» REQUIREMENT
Please transcribe the data below exactly. Leave the pictures out.

» SOURCE MATERIAL
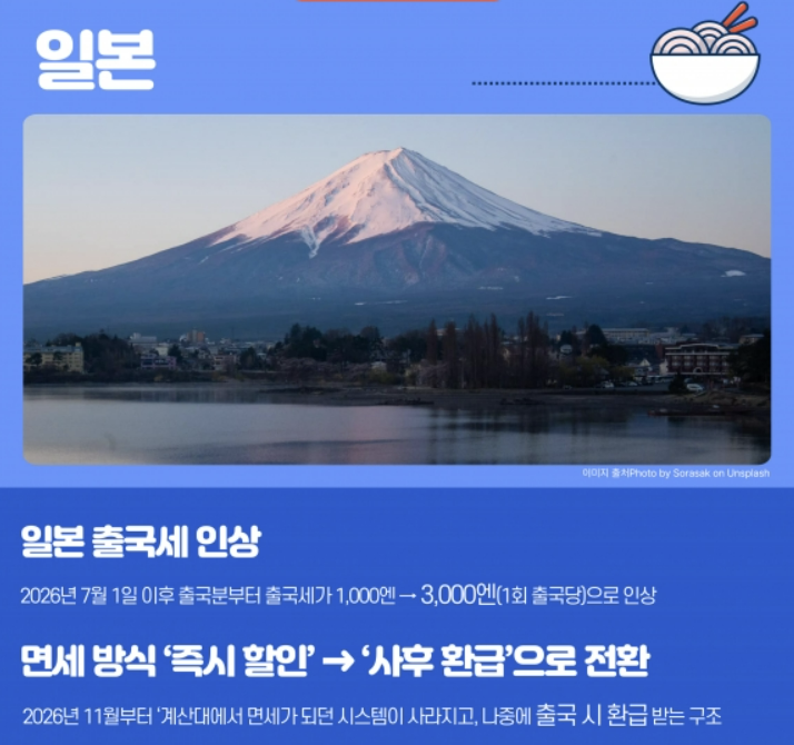 최근 일본 정부가 오버투어리즘대응과 세수 확보를 위해 여행 관련 제도들을 대대적으로 개편하고 있습니다. 특히 출국세 인상, 숙박세 강화, 면세 쇼핑 제도 환급 방식 전환이 대표적입니다. 이번 포스트에서는 일본 여행을 계획 중이신 분들을 위해 2026년부터 시행되는 일본의 주요 관광 관련 세제 변경 사항에 대해 알아보도록 하겠습니다.
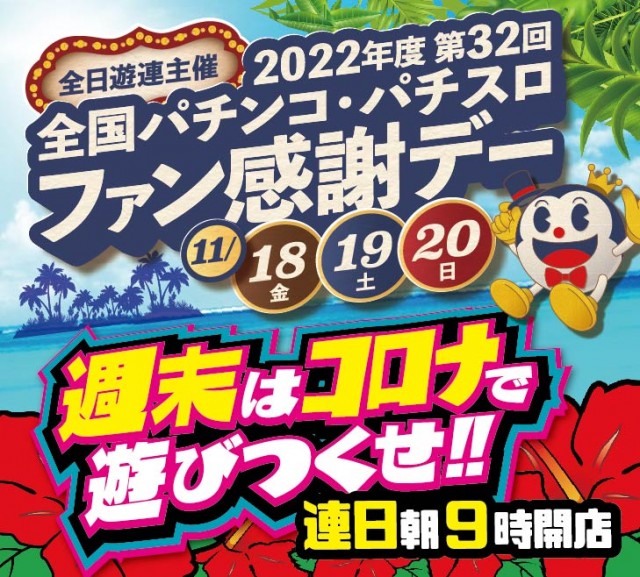 本日11月20日【土】パチンコパチスロファン感謝デー開催!
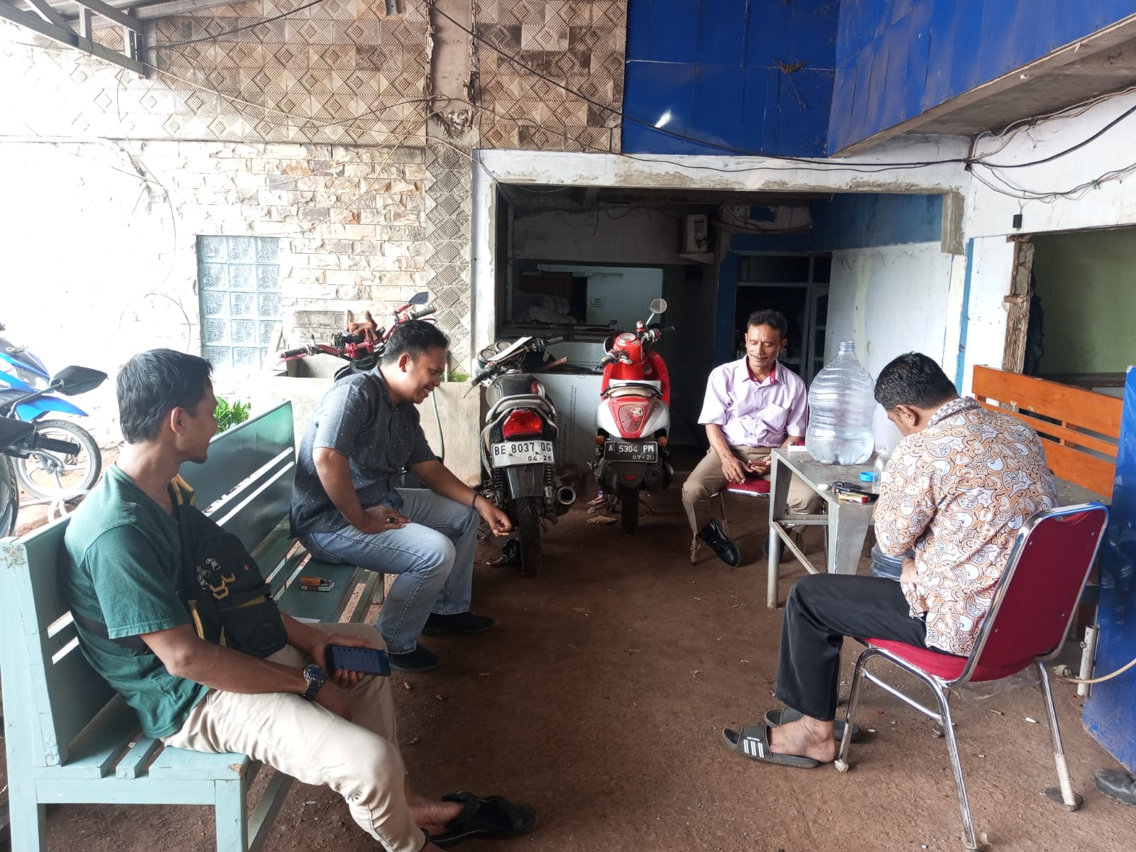 Personil sat intelkam melakukan koordinasi dengan tokoh pemuda kec. Pulomerak kota cilegon.

» YOUR RESPONSE
 최근 일본 정부가 오버투어리즘대응과 세수 확보를 위해 여행 관련 제도들을 대대적으로 개편하고 있습니다. 특히 출국세 인상, 숙박세 강화, 면세 쇼핑 제도 환급 방식 전환이 대표적입니다. 이번 포스트에서는 일본 여행을 계획 중이신 분들을 위해 2026년부터 시행되는 일본의 주요 관광 관련 세제 변경 사항에 대해 알아보도록 하겠습니다.
 本日11月20日【土】パチンコパチスロファン感謝デー開催!
 Personil sat intelkam melakukan koordinasi dengan tokoh pemuda kec. Pulomerak kota cilegon.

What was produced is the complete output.